▸ Exercise prompt
Using the listing below, please print exactly the lines from the one with "30 родин загиблих" through the one with "धनबाद । आज रणधीर". Leave out every picture.

▸ Data to examine
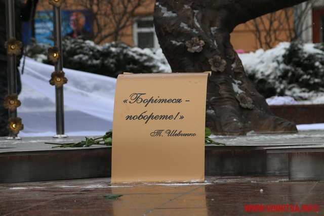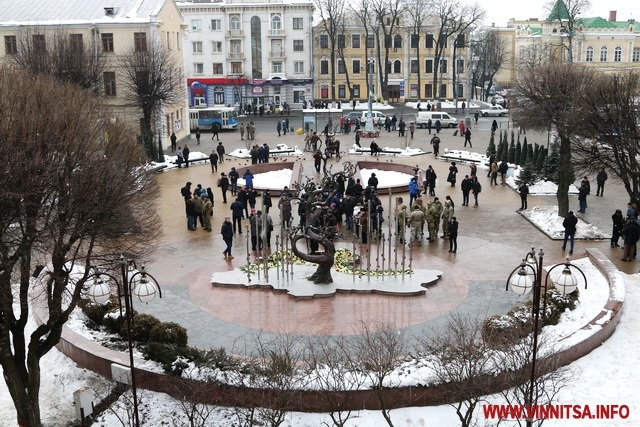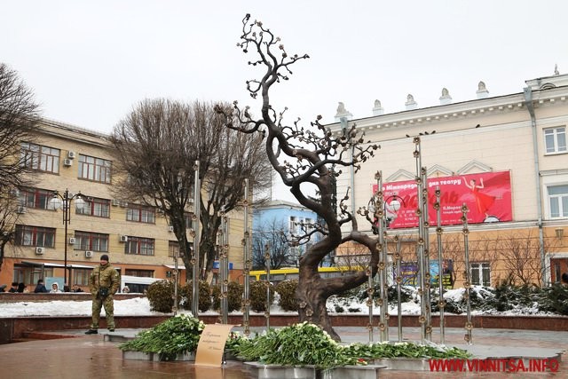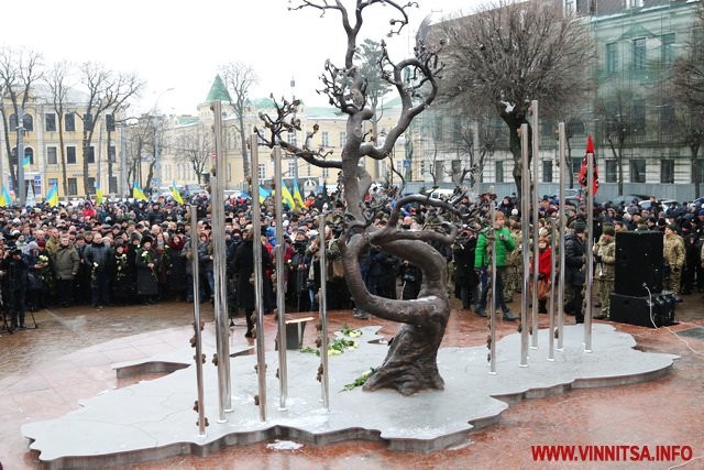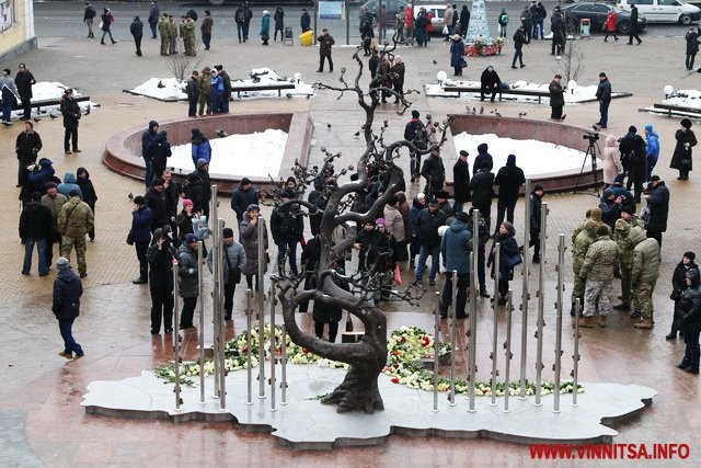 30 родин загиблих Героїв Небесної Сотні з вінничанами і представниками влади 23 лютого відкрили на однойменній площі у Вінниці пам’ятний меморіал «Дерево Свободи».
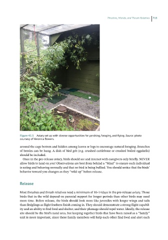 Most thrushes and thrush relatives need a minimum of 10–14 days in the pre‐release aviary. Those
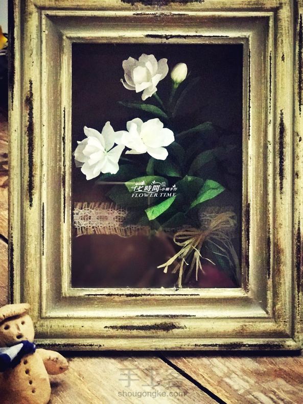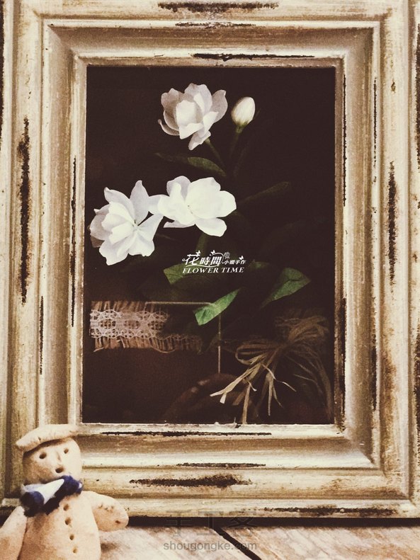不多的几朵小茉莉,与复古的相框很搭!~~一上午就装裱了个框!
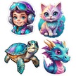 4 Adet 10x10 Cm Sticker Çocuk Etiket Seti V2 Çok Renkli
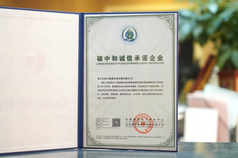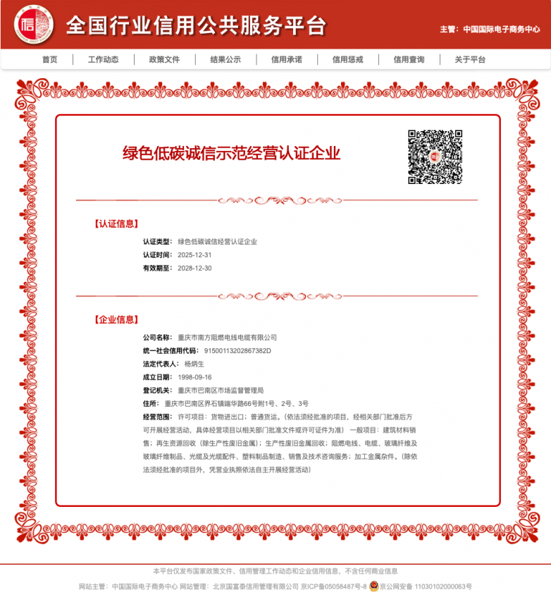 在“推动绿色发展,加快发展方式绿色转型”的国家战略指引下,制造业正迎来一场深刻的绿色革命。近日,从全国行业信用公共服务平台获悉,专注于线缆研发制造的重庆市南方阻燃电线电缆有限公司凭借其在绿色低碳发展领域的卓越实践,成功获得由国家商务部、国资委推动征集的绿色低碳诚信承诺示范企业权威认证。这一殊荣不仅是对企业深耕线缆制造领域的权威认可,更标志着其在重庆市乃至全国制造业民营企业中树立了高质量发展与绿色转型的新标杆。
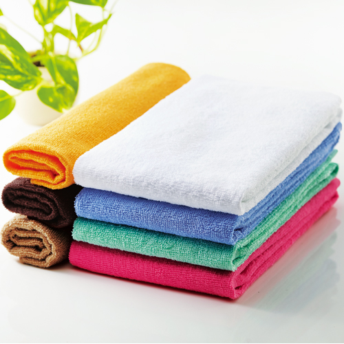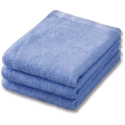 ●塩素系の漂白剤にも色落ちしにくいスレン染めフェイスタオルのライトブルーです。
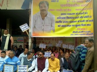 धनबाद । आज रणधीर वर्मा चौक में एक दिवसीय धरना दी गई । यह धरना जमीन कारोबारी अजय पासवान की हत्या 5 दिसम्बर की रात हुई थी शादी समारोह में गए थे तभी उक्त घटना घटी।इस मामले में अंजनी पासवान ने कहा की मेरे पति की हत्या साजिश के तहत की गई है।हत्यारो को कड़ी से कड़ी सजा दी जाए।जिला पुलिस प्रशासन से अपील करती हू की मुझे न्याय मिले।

==

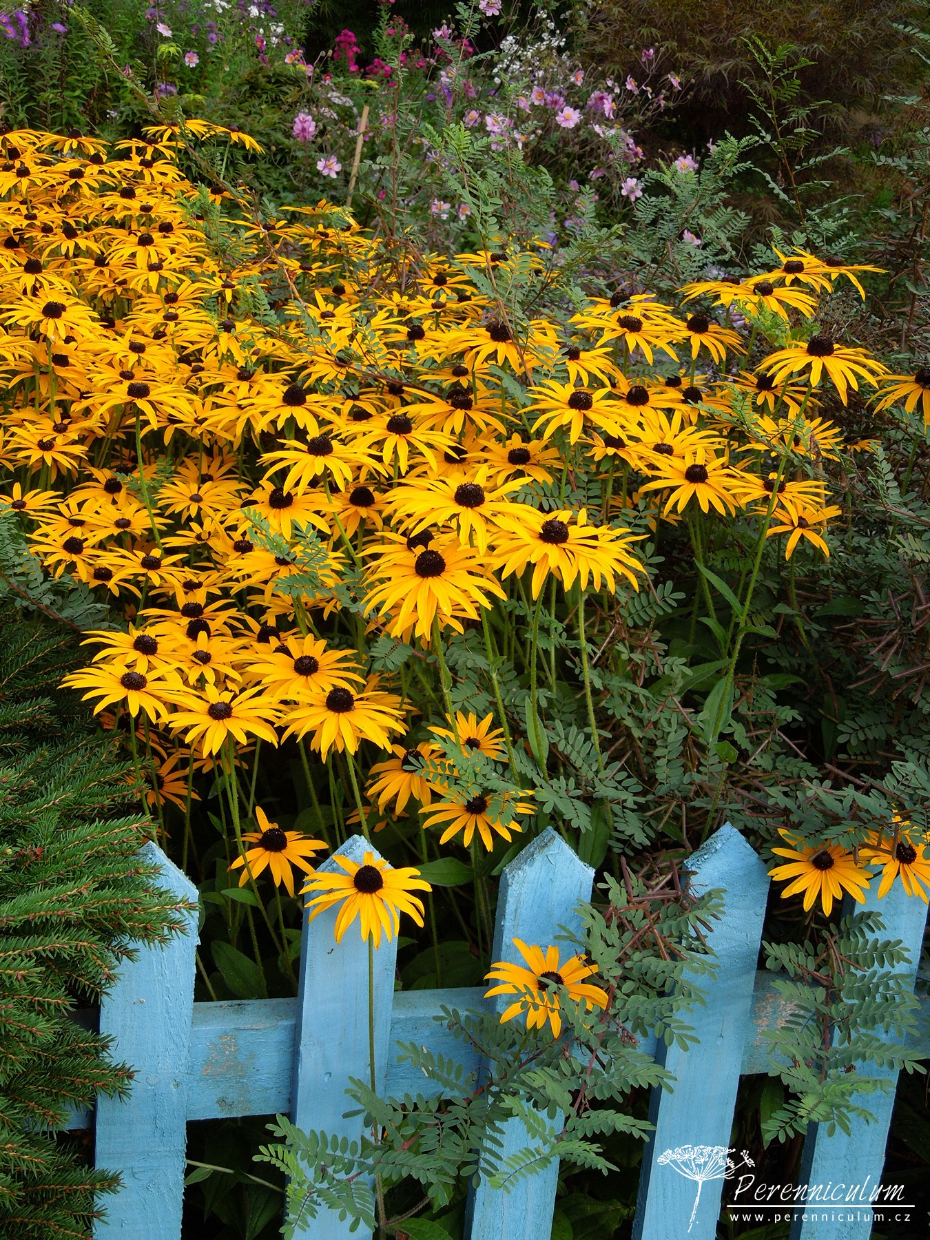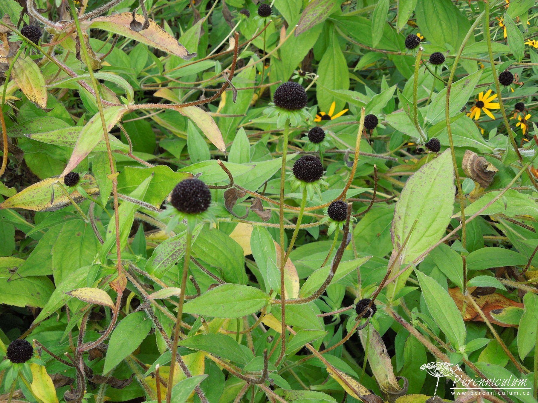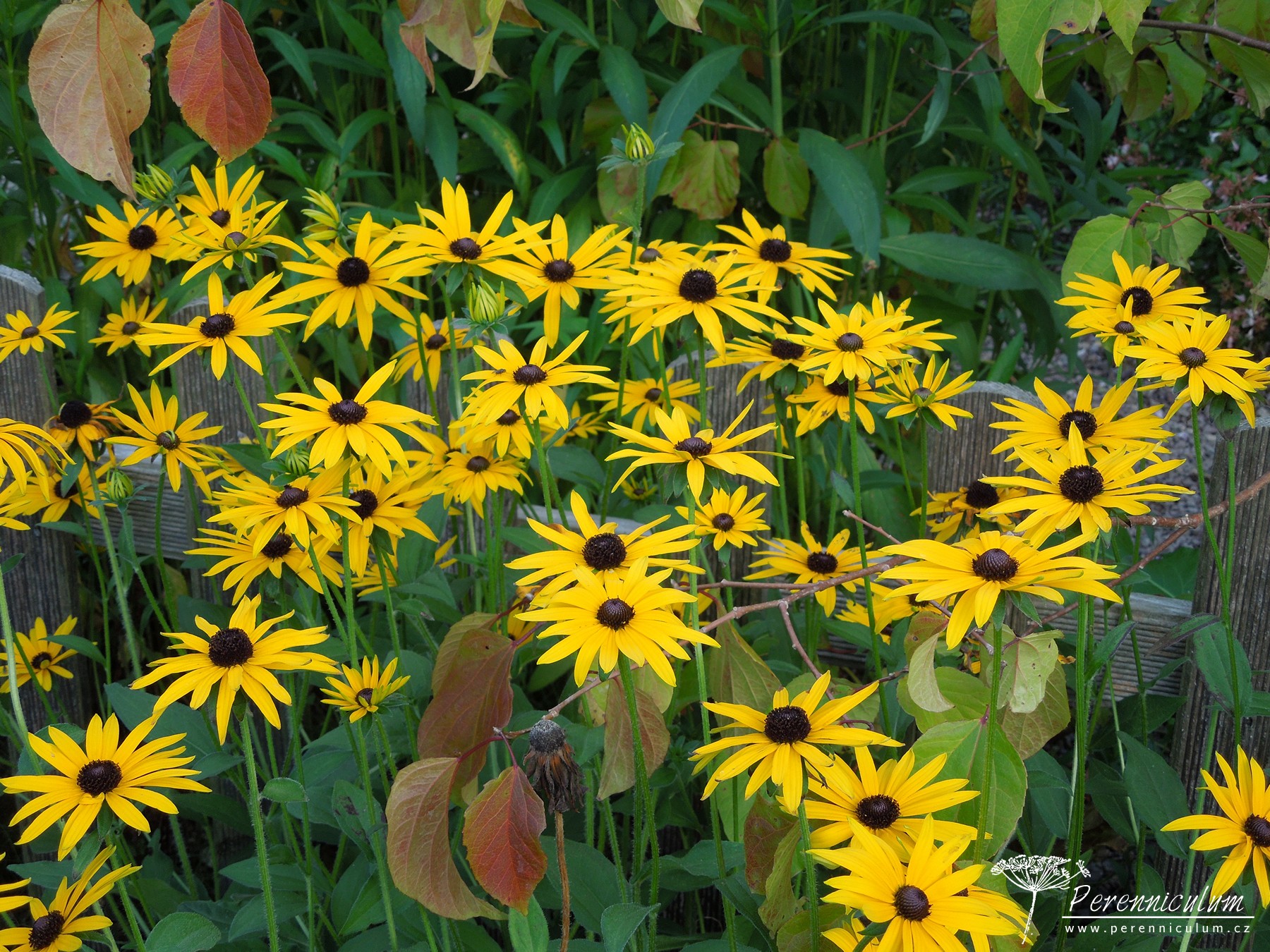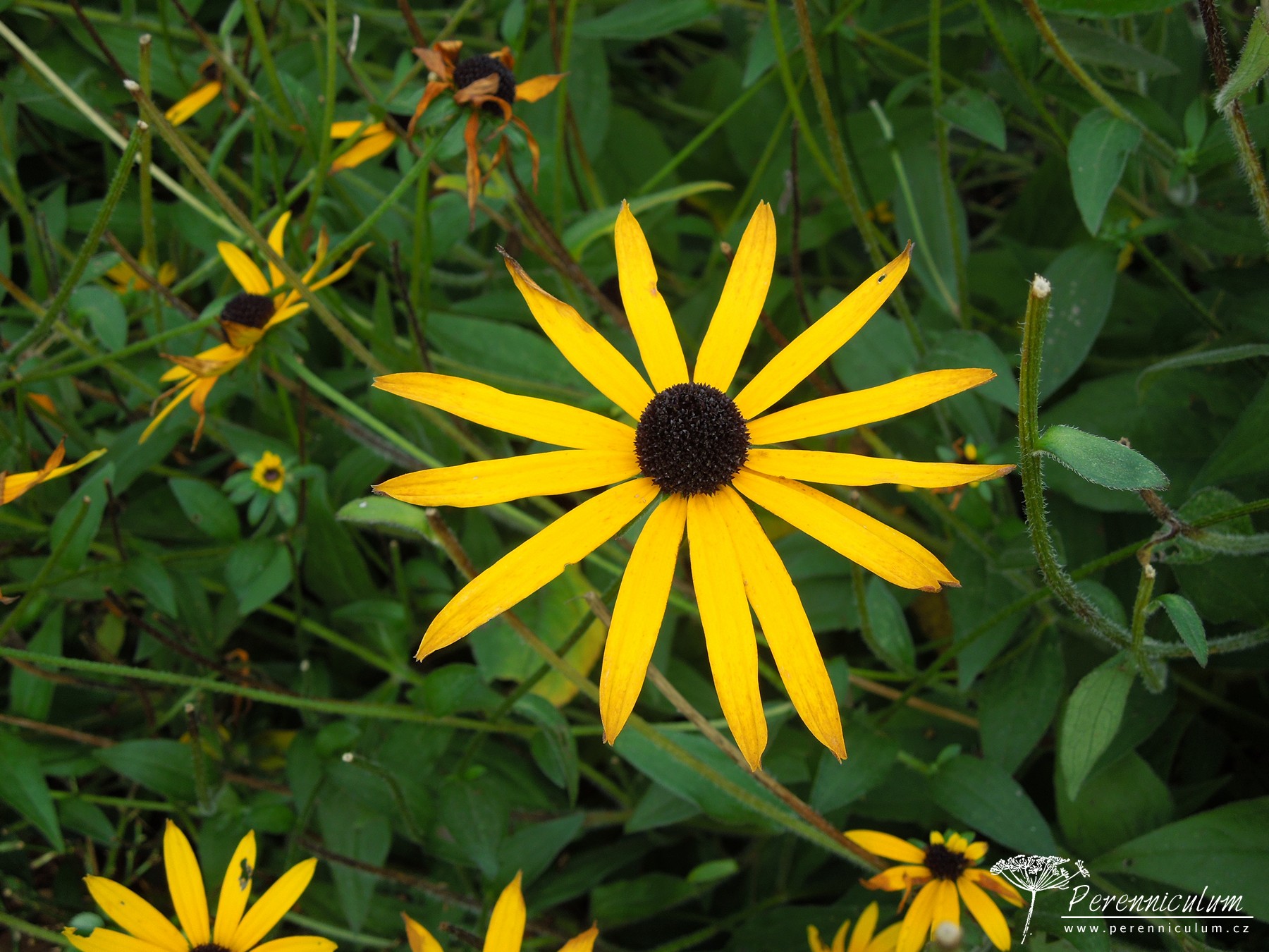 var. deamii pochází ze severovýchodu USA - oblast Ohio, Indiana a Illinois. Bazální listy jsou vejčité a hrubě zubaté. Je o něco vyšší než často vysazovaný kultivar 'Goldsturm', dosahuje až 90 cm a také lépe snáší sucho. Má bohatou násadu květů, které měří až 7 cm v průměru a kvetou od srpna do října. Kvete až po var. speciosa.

▸ Result of this exercise
 30 родин загиблих Героїв Небесної Сотні з вінничанами і представниками влади 23 лютого відкрили на однойменній площі у Вінниці пам’ятний меморіал «Дерево Свободи».
 Most thrushes and thrush relatives need a minimum of 10–14 days in the pre‐release aviary. Those
不多的几朵小茉莉,与复古的相框很搭!~~一上午就装裱了个框!
 4 Adet 10x10 Cm Sticker Çocuk Etiket Seti V2 Çok Renkli
 在“推动绿色发展,加快发展方式绿色转型”的国家战略指引下,制造业正迎来一场深刻的绿色革命。近日,从全国行业信用公共服务平台获悉,专注于线缆研发制造的重庆市南方阻燃电线电缆有限公司凭借其在绿色低碳发展领域的卓越实践,成功获得由国家商务部、国资委推动征集的绿色低碳诚信承诺示范企业权威认证。这一殊荣不仅是对企业深耕线缆制造领域的权威认可,更标志着其在重庆市乃至全国制造业民营企业中树立了高质量发展与绿色转型的新标杆。
 ●塩素系の漂白剤にも色落ちしにくいスレン染めフェイスタオルのライトブルーです。
 धनबाद । आज रणधीर वर्मा चौक में एक दिवसीय धरना दी गई । यह धरना जमीन कारोबारी अजय पासवान की हत्या 5 दिसम्बर की रात हुई थी शादी समारोह में गए थे तभी उक्त घटना घटी।इस मामले में अंजनी पासवान ने कहा की मेरे पति की हत्या साजिश के तहत की गई है।हत्यारो को कड़ी से कड़ी सजा दी जाए।जिला पुलिस प्रशासन से अपील करती हू की मुझे न्याय मिले।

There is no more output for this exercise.